WHAT IS BEING ASKED: Omit every picture. Return all other data as it stands.

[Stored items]

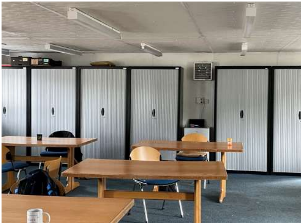
Conference Room with new tambour units

Not only did we have a clear out but also a sort out of the books, vases, some extra Christmas things that don't quite fit in the Christmas cupboard and lots of other treats that we came across!!
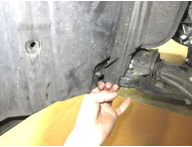
j. Separate the undercarriage panel from the fender liner by rotating them away from each other.
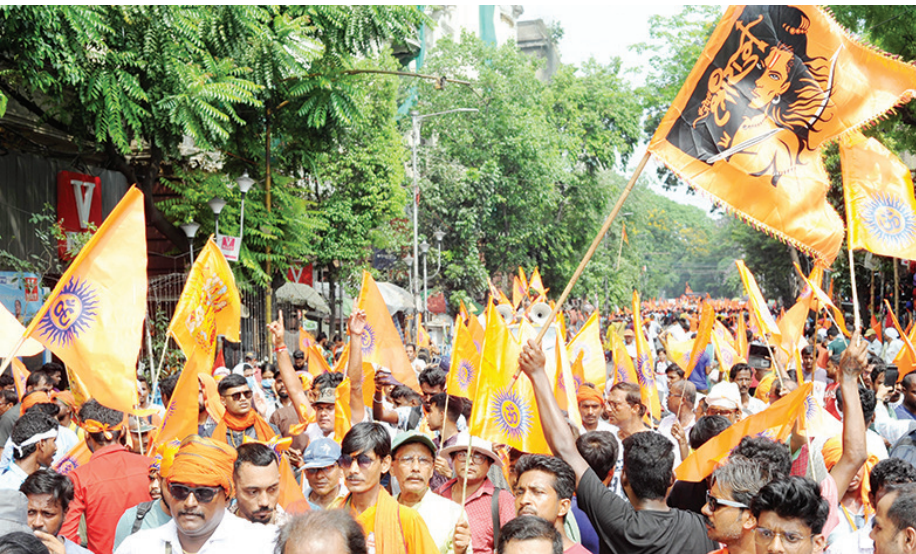
Hindu Suraksha Manch organised a protest rally, 'Dharamtala Chalo', demanding justice for the displaced, oppressed, and voiceless victims. The rally concluded at Dharamtala in Kolkata on Tuesday.

Court on behalf of the Group C and Group D staff who had lost their jobs. "Keep your faith in us until then," she said, urging the teachers to trust the state government's efforts in resolving the issue. In a strong message, Banerjee warned the teachers not to be swayed by external provocateurs. "Had I been in Kolkata, I could have solved the issue within seconds. Do not pay heed to those who are trying to provoke you. Let the state government handle this," she asserted. Comparing the situation in West Bengal with similar developments in Uttar Pradesh and Tripura, where large-scale job losses had occurred without any recovery, Banerjee cautioned the teachers not to let that happen in the state. "People in those states lost their jobs in huge numbers and never got them back. Don't let that happen here," she warned. The teachers had gathered at the WBSSC headquarters following the Supreme Court's April 3 ruling, which cited "widespread irregularities" in the 2016 recruitment process. They demanded the publication of a list of those appointed on merit and those allegedly involved in bribery. The protests have continued despite the government's assurances of job security and support for the affected staff.
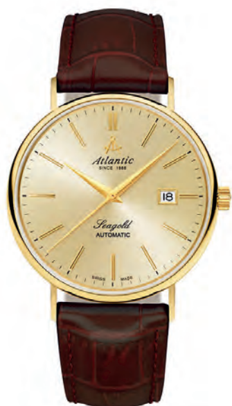
95744.65.31 | Automatic
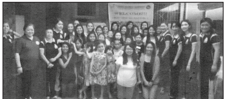
The members of the Our Lady of Divine Grace DMI Circle and SMI Circlette during the SMI circlette's first assembly for 2015.
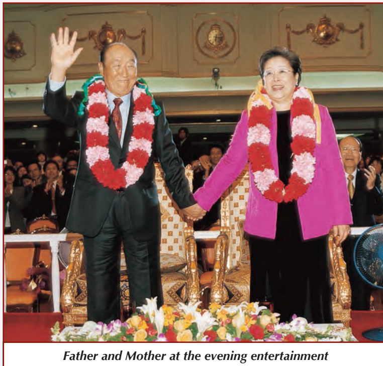
Father and Mother at the evening entertainment

You have received the blessing a second time, haven't you? What was the name of the blessing? It was the Transition of the Three Ages Four-Position Foundation Registration Unification Blessing. It is the era of the family. In other words, it blessed not only the couple but the whole family. After that comes the preparations for the complete settlement of the heavenly nation, so that we secure enough evidence in regard to God's fatherland that it cannot be
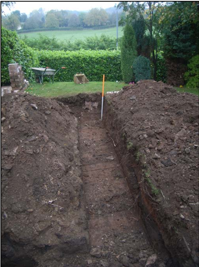
Plate 3 Trench 1 C, looking north-east
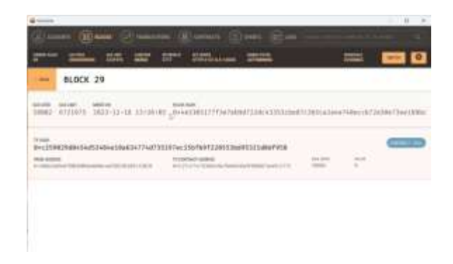
Fig 15 Ganache Screen
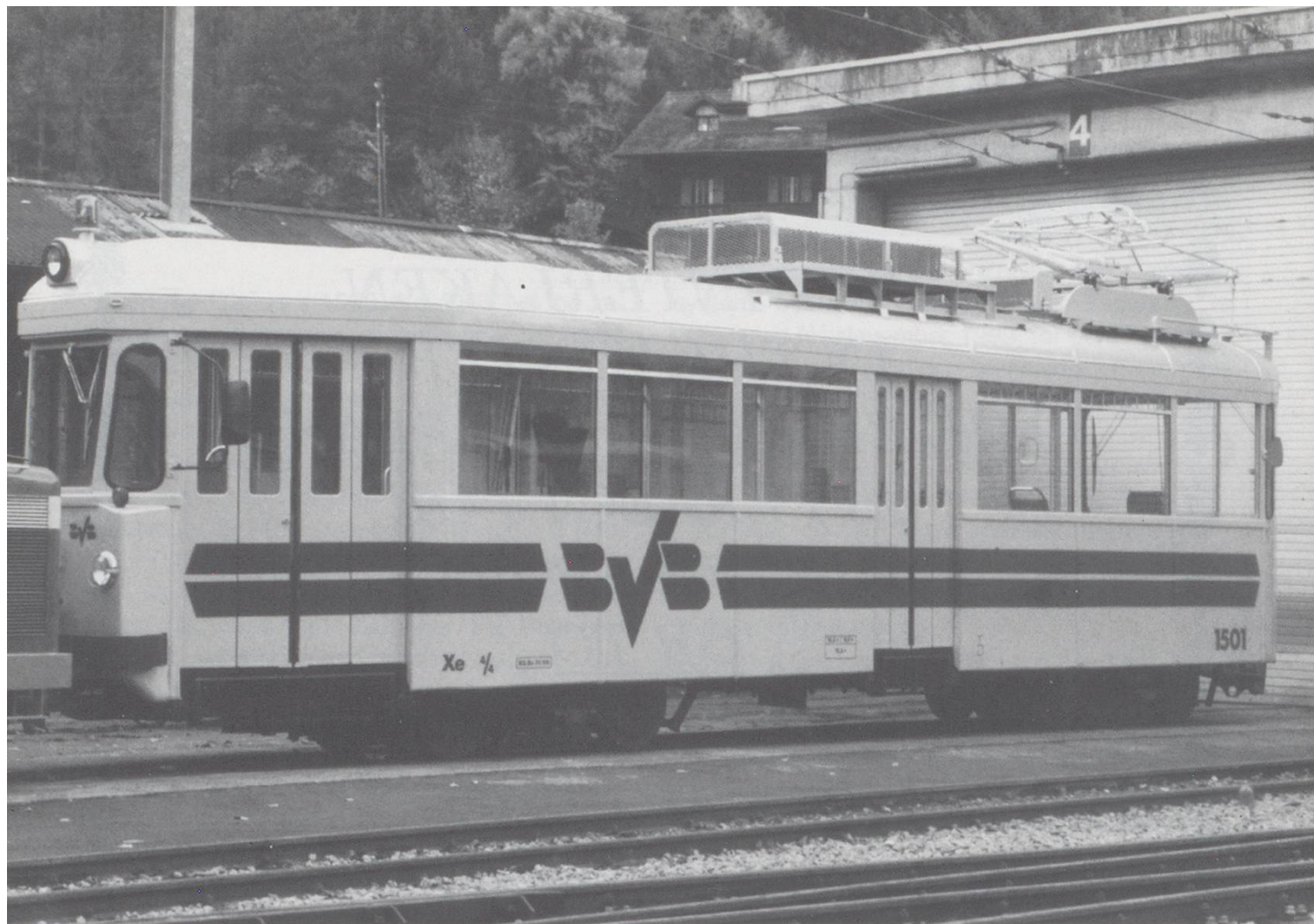
Above: Bex-Villars-Breiteye (BVB) Xe4/4 1501 seen here at the depot at Beviex in new livery a reversal of the normal red with yellow graphics, 30/10/98.

voltage locomotives (15kV AC / 3kV DC), similar to the recent FS E412 design, to work Huckepack services between Freiburg im Breisgau in Germany and Novara in Italy over the Lötschberg / Simplon axis.

REPLY:
Conference Room with new tambour units

Not only did we have a clear out but also a sort out of the books, vases, some extra Christmas things that don't quite fit in the Christmas cupboard and lots of other treats that we came across!!
j. Separate the undercarriage panel from the fender liner by rotating them away from each other.
Hindu Suraksha Manch organised a protest rally, 'Dharamtala Chalo', demanding justice for the displaced, oppressed, and voiceless victims. The rally concluded at Dharamtala in Kolkata on Tuesday.

Court on behalf of the Group C and Group D staff who had lost their jobs. "Keep your faith in us until then," she said, urging the teachers to trust the state government's efforts in resolving the issue. In a strong message, Banerjee warned the teachers not to be swayed by external provocateurs. "Had I been in Kolkata, I could have solved the issue within seconds. Do not pay heed to those who are trying to provoke you. Let the state government handle this," she asserted. Comparing the situation in West Bengal with similar developments in Uttar Pradesh and Tripura, where large-scale job losses had occurred without any recovery, Banerjee cautioned the teachers not to let that happen in the state. "People in those states lost their jobs in huge numbers and never got them back. Don't let that happen here," she warned. The teachers had gathered at the WBSSC headquarters following the Supreme Court's April 3 ruling, which cited "widespread irregularities" in the 2016 recruitment process. They demanded the publication of a list of those appointed on merit and those allegedly involved in bribery. The protests have continued despite the government's assurances of job security and support for the affected staff.
95744.65.31 | Automatic
The members of the Our Lady of Divine Grace DMI Circle and SMI Circlette during the SMI circlette's first assembly for 2015.
Father and Mother at the evening entertainment

You have received the blessing a second time, haven't you? What was the name of the blessing? It was the Transition of the Three Ages Four-Position Foundation Registration Unification Blessing. It is the era of the family. In other words, it blessed not only the couple but the whole family. After that comes the preparations for the complete settlement of the heavenly nation, so that we secure enough evidence in regard to God's fatherland that it cannot be
Plate 3 Trench 1 C, looking north-east
Fig 15 Ganache Screen
Above: Bex-Villars-Breiteye (BVB) Xe4/4 1501 seen here at the depot at Beviex in new livery a reversal of the normal red with yellow graphics, 30/10/98.

voltage locomotives (15kV AC / 3kV DC), similar to the recent FS E412 design, to work Huckepack services between Freiburg im Breisgau in Germany and Novara in Italy over the Lötschberg / Simplon axis.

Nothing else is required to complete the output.